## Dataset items
-- -- --
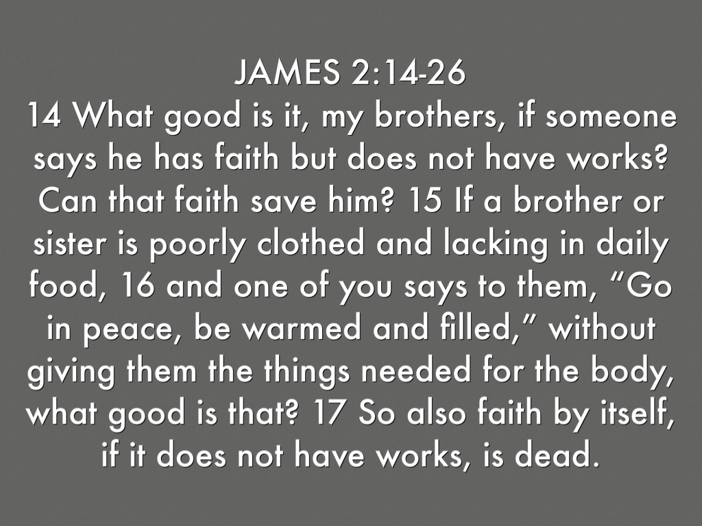 14 What good is it, my brothers, if someone says he has faith but does not have works? Can that faith save him? 15 If a brother or sister is poorly clothed and lacking in daily food, 16 and one of you says to them, “Go in peace, be warmed and filled,” without giving them the things needed for the body, what good is that? 17 So also faith by itself, if it does not have works, is dead.
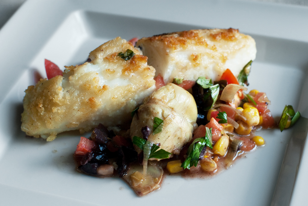 Light and crispy sea bass with summer fresh vegetables. The artichokes, plum tomatoes, basil, parsley, olives, corn and leeks are sautéed in a white wine and chicken stock creating the perfect compliment to the sea bass.
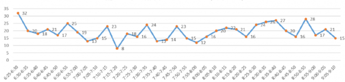 以上为理论公式,在实际中可利用GPS到离站数据统计站台平均停靠时间t。本文利用济南公交GPS到离站数据,根据数据中到站时间、离站时间标记,选取高峰期间经十路、经七路、和平路、文化东路、东荷路、舜义路等道路上公交站台停靠车辆的GPS数据,计算站台平均停靠时间t。经统计(图3),高峰期间主干道公交站台车辆平均停靠时间为48s,次干道公交站台车辆平均停靠时间为45s,支路公交站台车辆平均停靠时间为25s,可以作为新规划道路公交站台泊位计算的参考值。
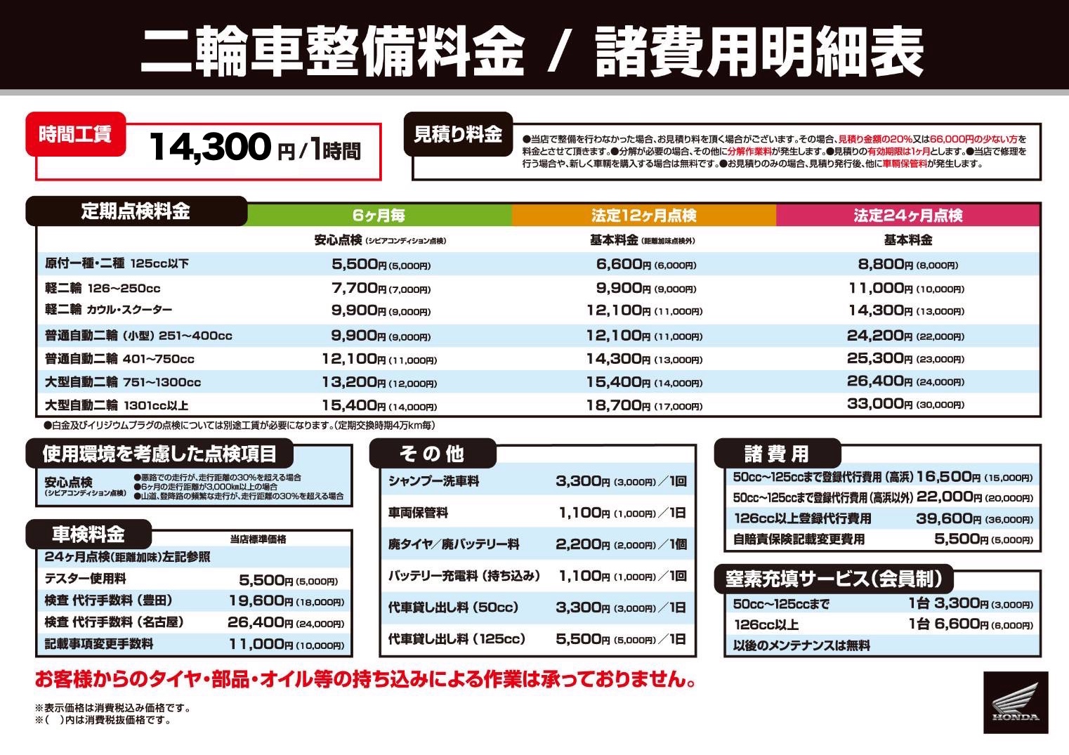 ※点検時に別途必要な整備が発生した場合は、部品・油脂類の代金および工賃は別途申し受けます。
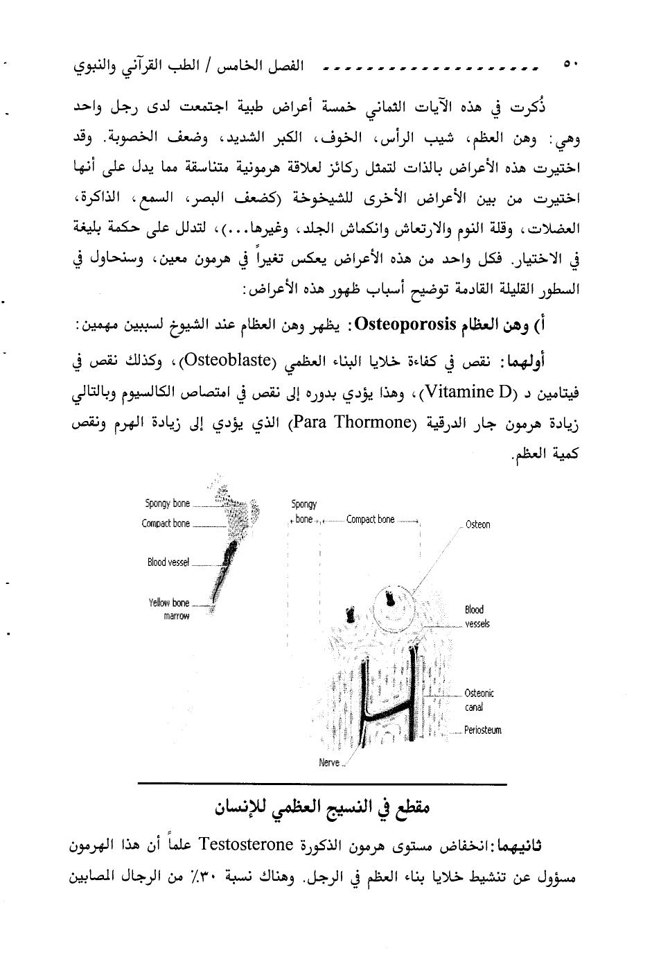 ذكرت في هذه الآيات الثماني خمسة أعراض طبية اجتمعت لدى رجل واحد وهي: وهن العظم، شيب الرأس، الخوف، الكبر الشديد، وضعف الخصوبة. وقد اختيرت هذه الأعراض بالذات لتمثل ركائز لعلاقة هرمونية متناسقة مما يدل على أنها اختيرت من بين الأعراض الأخرى للشيخوخة (كضعف البصر، السمع، الذاكرة، العضلات، وقلة النوم والارتعاش وانكماش الجلد، وغيرها .. )، لتدل على حكمة بليغة في الاختيار. فكل واحد من هذه الأعراض يعكس تغيرا في هرمون معين، وسنحاول في السطور القليلة القادمة توضيح أسباب ظهور هذه الأعراض:
-- -- --
The records above are to be reproduced exactly; the pictures are to be left out.

 14 What good is it, my brothers, if someone says he has faith but does not have works? Can that faith save him? 15 If a brother or sister is poorly clothed and lacking in daily food, 16 and one of you says to them, “Go in peace, be warmed and filled,” without giving them the things needed for the body, what good is that? 17 So also faith by itself, if it does not have works, is dead.
 Light and crispy sea bass with summer fresh vegetables. The artichokes, plum tomatoes, basil, parsley, olives, corn and leeks are sautéed in a white wine and chicken stock creating the perfect compliment to the sea bass.
 以上为理论公式,在实际中可利用GPS到离站数据统计站台平均停靠时间t。本文利用济南公交GPS到离站数据,根据数据中到站时间、离站时间标记,选取高峰期间经十路、经七路、和平路、文化东路、东荷路、舜义路等道路上公交站台停靠车辆的GPS数据,计算站台平均停靠时间t。经统计(图3),高峰期间主干道公交站台车辆平均停靠时间为48s,次干道公交站台车辆平均停靠时间为45s,支路公交站台车辆平均停靠时间为25s,可以作为新规划道路公交站台泊位计算的参考值。
 ※点検時に別途必要な整備が発生した場合は、部品・油脂類の代金および工賃は別途申し受けます。
 ذكرت في هذه الآيات الثماني خمسة أعراض طبية اجتمعت لدى رجل واحد وهي: وهن العظم، شيب الرأس، الخوف، الكبر الشديد، وضعف الخصوبة. وقد اختيرت هذه الأعراض بالذات لتمثل ركائز لعلاقة هرمونية متناسقة مما يدل على أنها اختيرت من بين الأعراض الأخرى للشيخوخة (كضعف البصر، السمع، الذاكرة، العضلات، وقلة النوم والارتعاش وانكماش الجلد، وغيرها .. )، لتدل على حكمة بليغة في الاختيار. فكل واحد من هذه الأعراض يعكس تغيرا في هرمون معين، وسنحاول في السطور القليلة القادمة توضيح أسباب ظهور هذه الأعراض:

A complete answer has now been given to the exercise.